**DATA TO USE**

────────────────────────────────────────

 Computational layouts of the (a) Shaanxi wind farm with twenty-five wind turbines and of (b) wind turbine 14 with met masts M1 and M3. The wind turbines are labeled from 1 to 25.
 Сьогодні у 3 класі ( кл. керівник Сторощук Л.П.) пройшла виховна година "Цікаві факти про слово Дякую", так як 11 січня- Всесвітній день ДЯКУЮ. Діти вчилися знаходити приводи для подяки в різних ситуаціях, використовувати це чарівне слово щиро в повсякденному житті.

────────────────────────────────────────

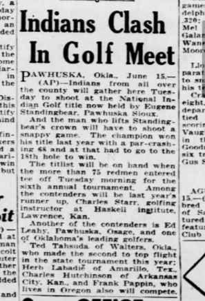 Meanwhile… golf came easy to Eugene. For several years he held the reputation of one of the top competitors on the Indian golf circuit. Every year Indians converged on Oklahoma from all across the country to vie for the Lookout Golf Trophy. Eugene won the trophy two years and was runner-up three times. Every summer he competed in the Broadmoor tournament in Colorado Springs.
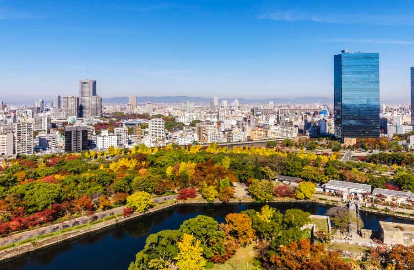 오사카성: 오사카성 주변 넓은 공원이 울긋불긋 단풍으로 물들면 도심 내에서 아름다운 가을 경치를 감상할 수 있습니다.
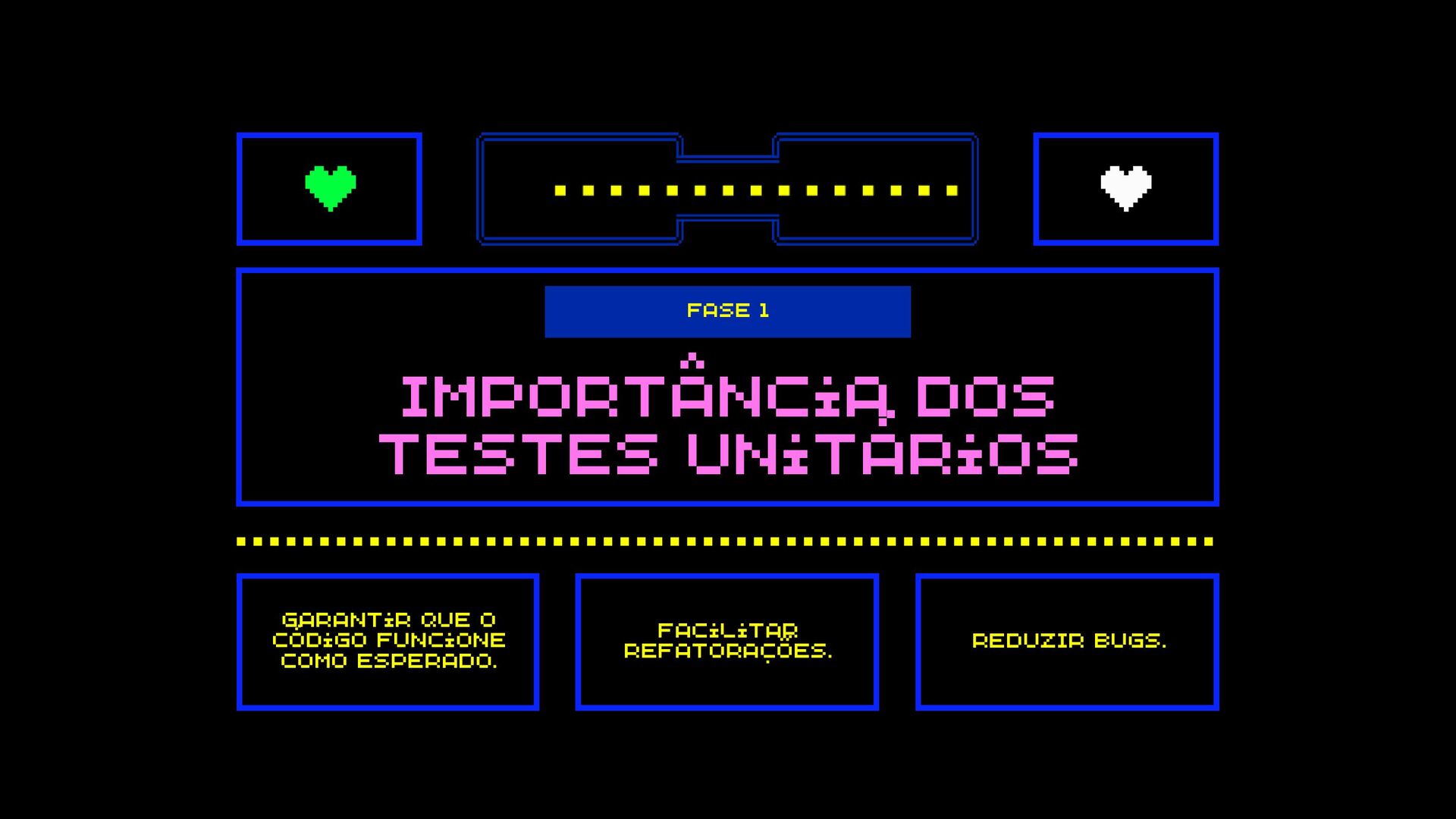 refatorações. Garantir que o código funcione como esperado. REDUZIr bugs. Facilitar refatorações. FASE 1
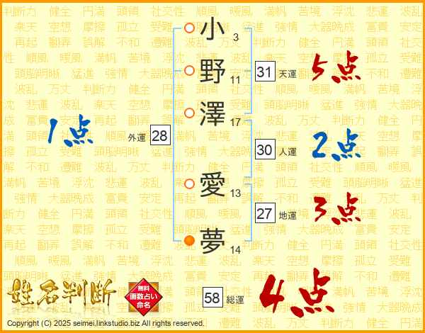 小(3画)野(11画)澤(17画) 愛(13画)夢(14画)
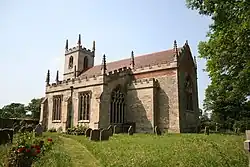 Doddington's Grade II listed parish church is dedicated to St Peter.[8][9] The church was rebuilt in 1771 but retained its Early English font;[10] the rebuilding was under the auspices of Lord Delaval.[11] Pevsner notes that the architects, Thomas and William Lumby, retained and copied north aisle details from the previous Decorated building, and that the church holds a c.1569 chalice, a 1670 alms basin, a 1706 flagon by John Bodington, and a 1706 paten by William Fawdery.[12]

────────────────────────────────────────

**ACTIVITY**
Starting at the line that has "Computational layouts of" and ending at the line that has "Сьогодні у 3", please write out the lines above exactly, leaving out all others.

**SOLUTION**
 Computational layouts of the (a) Shaanxi wind farm with twenty-five wind turbines and of (b) wind turbine 14 with met masts M1 and M3. The wind turbines are labeled from 1 to 25.
 Сьогодні у 3 класі ( кл. керівник Сторощук Л.П.) пройшла виховна година "Цікаві факти про слово Дякую", так як 11 січня- Всесвітній день ДЯКУЮ. Діти вчилися знаходити приводи для подяки в різних ситуаціях, використовувати це чарівне слово щиро в повсякденному житті.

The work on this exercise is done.